Are you someone with a strong interest in consumer behavior, and what makes people tick? Perhaps you possess good listening skills, and conducting focus groups – getting information from people - would be intuitive for you. Maybe you are highly organized, and have good time management skills. Market Research analysts have to be good at details. Or perhaps you are a right brain and left brain kind of person. Market research analysts have to be familiar with, and good at both qualitative and quantitative research methods.

If this sounds like you, then becoming a market research analyst, may offer you many rewards.

Market research analysts study market conditions and examine potential sales associated with a product or service. These essential professionals help companies understand the demands of their consumers, who will buy a product and how an item should be priced. With this in mind, here's everything you need to know about the path to becoming a market research analyst.

How to Become a Market Research Analyst

If you're interested in becoming a market research analyst, the first step is to obtain at least a bachelor's degree in a relevant field, such as business, statistics, or marketing. While this is the base level required by most positions, some positions require at least a master's degree, in a field like marketing, statistics, or business analytics. People also obtain degrees in fields like mathematics, economics, computer science, communications, or psychology.

What Does a Market Research Analyst Do?

Market research analysts serve a critical purpose in the modern workforce. By obtaining and analyzing data on consumers and competitors, market research analysts work to study consistently changing market conditions. In doing this, they examine the potential sales of a service or a product. Market research analysts are used across most industries. Most work full-time and under strict deadlines, so the skill of time management is essential.

The daily duties of a market research analyst may include the following:

  • Monitor and forecast sales and marketing trends.
  • Measure the effectiveness of marketing strategies and programs.
  • Collect data about consumers, market conditions and competitors.
  • Use statistical software to analyze data.
  • Convert complex data into tables, graphs, and reports.
  • Prepare reports and present the compiled results to management and clients.

Market research analysts serve a simple product for companies: they analyze data and make it easier for companies to understand.

What are the Skills You Need to be a Market Research Analyst?

The skills needed to be a market research analyst are many - in addition to being organized and comfortable with multi-tasking, good market research analysts also need to understand how to work in dynamic, fast-paced environments. Additional skills needed include analyzing data, writing reports, collecting data, surveying data and similar skills.

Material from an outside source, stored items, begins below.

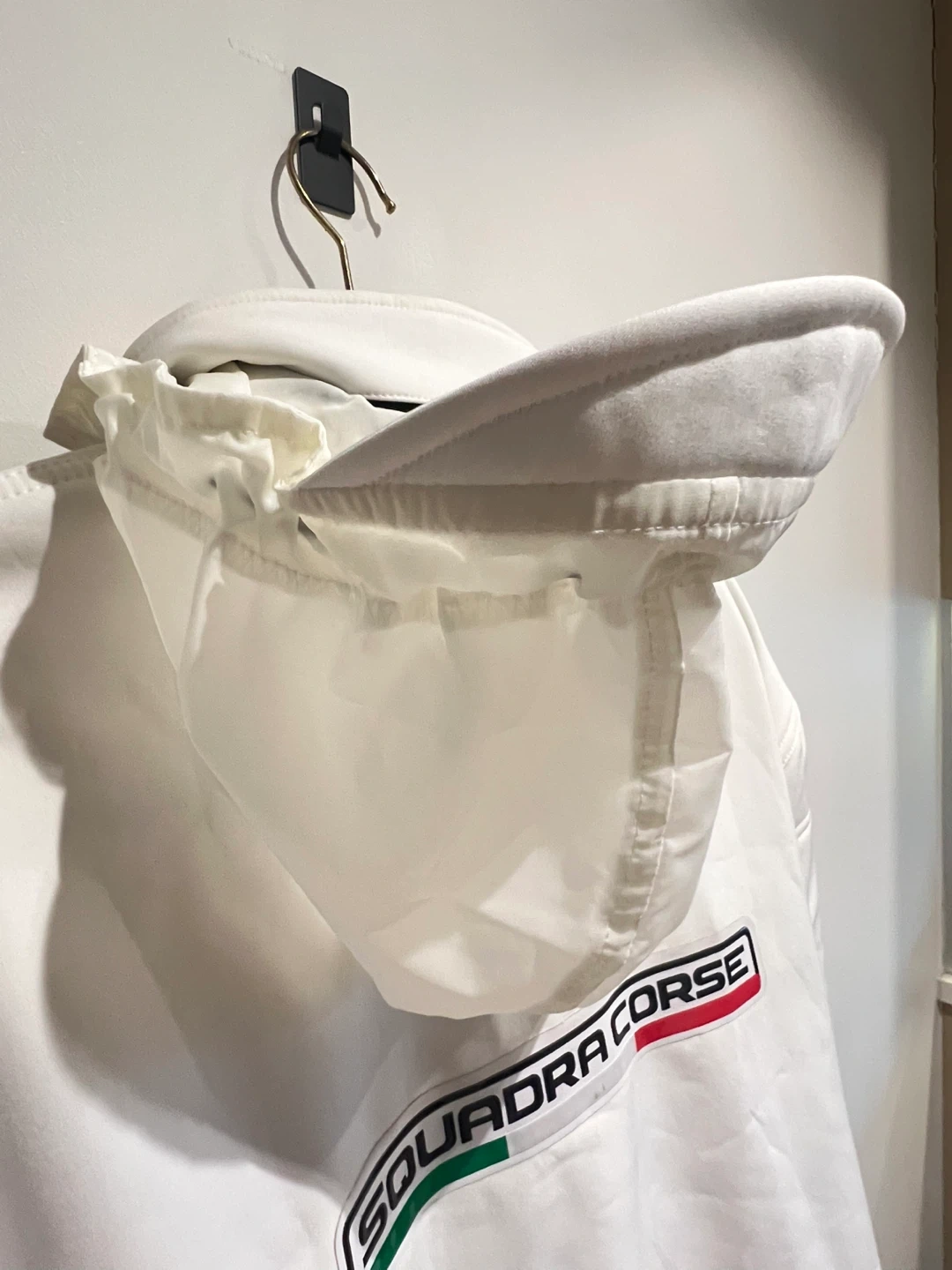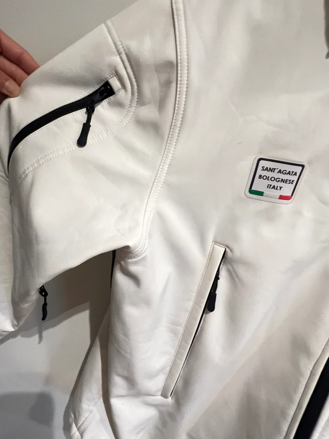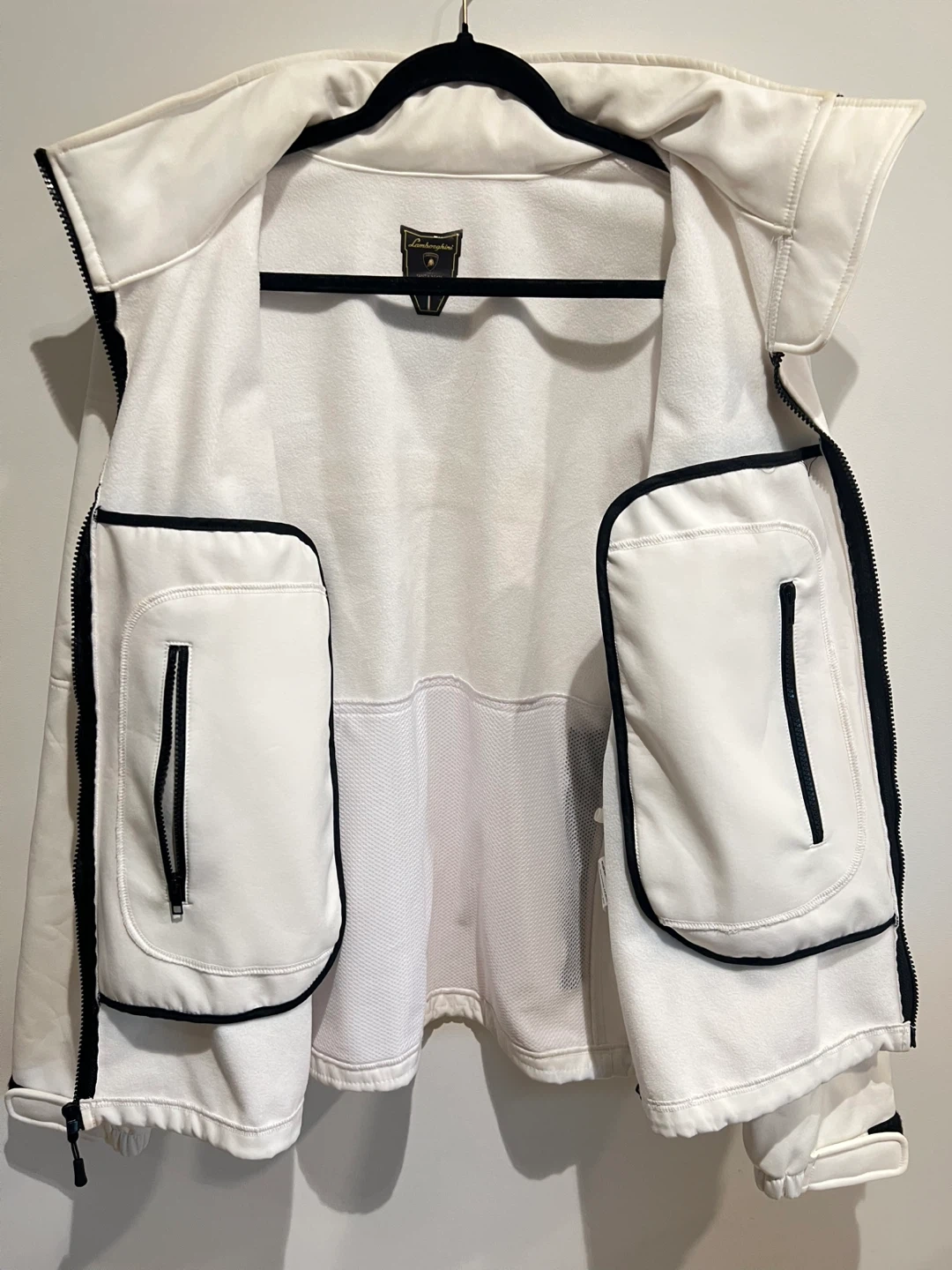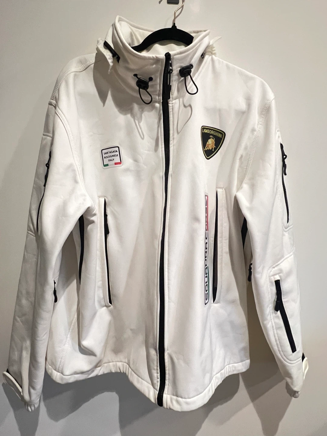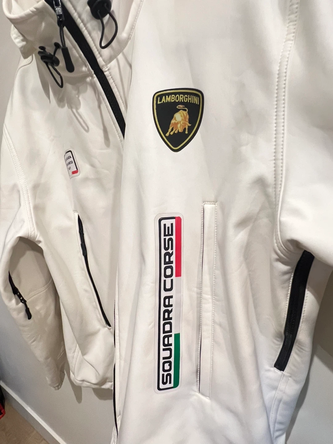 Lamborghini Squadra Corse jacket from Sant'Agata Bolognese, Italy. (Replica) It features multiple zippered pockets and a full-zip front. This jacket is white with black accents.
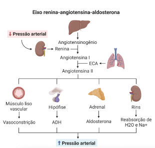 Um dos principais responsáveis por essa resposta é o sistema renina-angiotensina-aldosterona (SRAA). Diante da diminuição do fluxo sanguíneo renal, as células especializadas liberam renina, que estimula a produção de angiotensina II – uma substância que contrai os vasos e aumenta a liberação de aldosterona. Essa, por sua vez, faz com que o corpo retenha mais sódio e água, elevando o volume de sangue e, consequentemente, a pressão arterial.
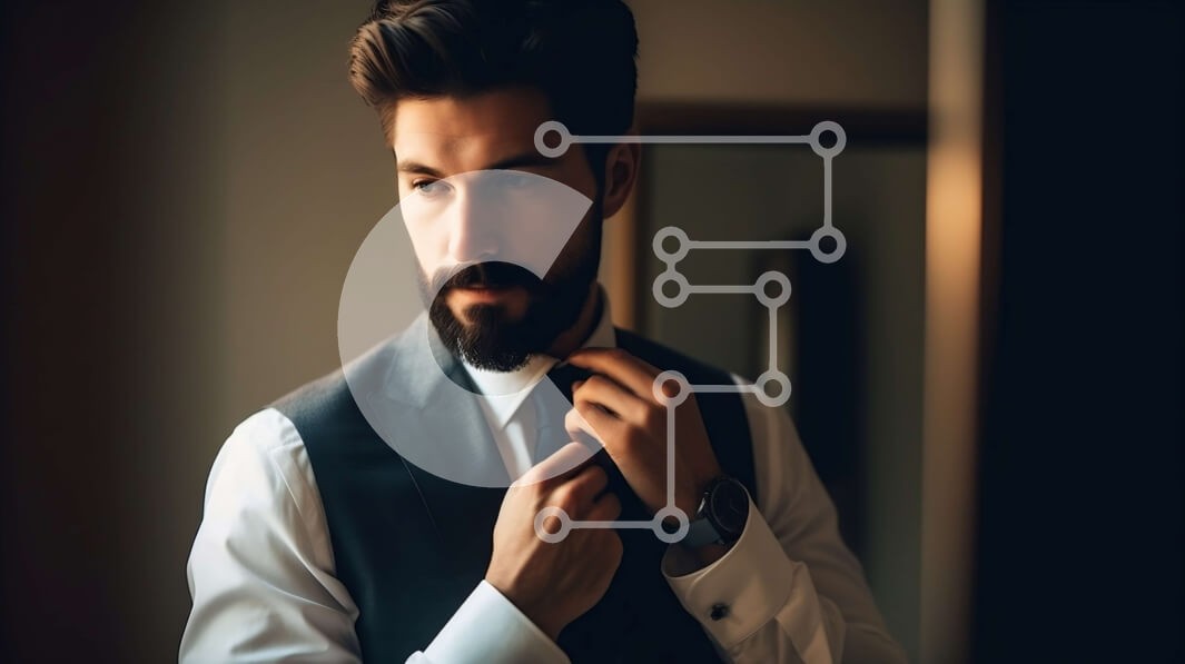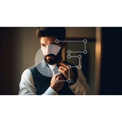 Υπάρχει δυνατότητα προσωποποίησης με δική σας φωτογραφία και προσαρμογής διαστάσεων κατόπιν παραγγελίας. Το συγεκεριμενο puzzle παρουσιαζει Αυτή η εικόνα απεικονίζει έναν άνδρα με μαύρο κοστούμι και λευκό πουκάμισο, που στέκεται μπροστά από έναν καθρέφτη ενώ προσαρμόζει τη μαύρη γραβάτα του. Έχει μούσι και κοιτάζει τον εαυτό του στον καθρέφτη. Η εικόνα αποτυπώνει την ουσία του επαγγελματισμού και της αυτοπεποίθηση
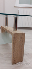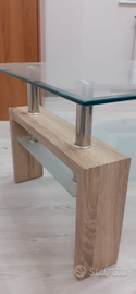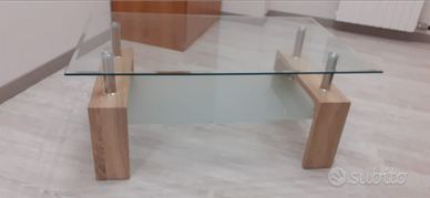 Tavolino salotto con due ripiani vetro: cristallo quello superiore e satinato quello inferiore.

Here are some of the essential skills for market research analysts:

  • Analytical skills. Market research analysts must be able to process and understand large amounts of data at any given time.
  • Critical-thinking skills. Market research analysts must be able to assess available information and determine which marketing strategies or outlooks would work best for a company.
  • The ability to analyze details. Market research analysts must be able to interpret and analyze details and process precise data analysis.
  • Solid communication skills. Market research analysts need to possess strong communication skills as they gather information, interpret data and present results.
  • Computer programming skills. While each job description varies slightly, a general rule of thumb is that you'll want to be familiar with Excel, R, SAS, and SPSS statistical software. You may also want to learn programming languages like SQL.

Market Research Analyst Education Requirements?

If you're thinking of becoming a market research analyst, there are a few educational things you need to get under your belt. Here are a few

  • Certification. While certification is voluntary, analysts that pursue certification have an additional level of professional competence that may be attractive to some employers. Certification can be obtained through the Marketing Research Association and similar bodies. If candidates wish to become certified, they must go through an exam, become a member of a professional organization and have at least three years of experience in the field.
  • Bachelor's degree. People who want to become a market research analyst must obtain a bachelor's degree first and foremost. Candidates may also undergo a master's degree program or pursue non-traditional pathways including boot camps and online courses. Luckily for interested individuals, many popular universities offer bachelor's degree programs, including Syracuse University, U.C. Berkeley, George Washington University and others.
  • Master's degree. The best-paying market research analyst positions require a master's degree. Luckily, MBA programs with an Analytics Focus are available from many different universities in the U.S., both online and in-person.

Who Typically Hires Market Research Analysts?

Market research analysts are needed across all market verticals. They're commonly hired by technology companies, for example, or by companies that work with a large amount of data and need a professional to help them interpret it.

Popular employers of market research analysts include universities, state organizations and privately held companies. These companies are widespread and feature across the country.

Market Research Analyst Salaries - What can you Expect to Earn?

Currently, the market rate for a market research analyst salary is about $62,560 annually or about $30.08 hourly.

The job outlook for the market research analyst is projected to grow about 23 percent between 2016 and 2026. This is much faster than the average for all other occupations. The growth of this job position is driven by the increasing importance of data and market research in all industries.

While the average salary in major cities varies, the lower 25th percentile of the population earns about $45,550 annually, while the upper 75th percentile earns about $88,260.

Deciding to Become a Market Research Analyst

Deciding to become a market research analyst is a wise decision. Luckily, it's also a very attainable one. By obtaining a degree, pursuing certification and working an internship, it's easy to find a job that pays well in virtually any industry you're interested in working in for the next several years.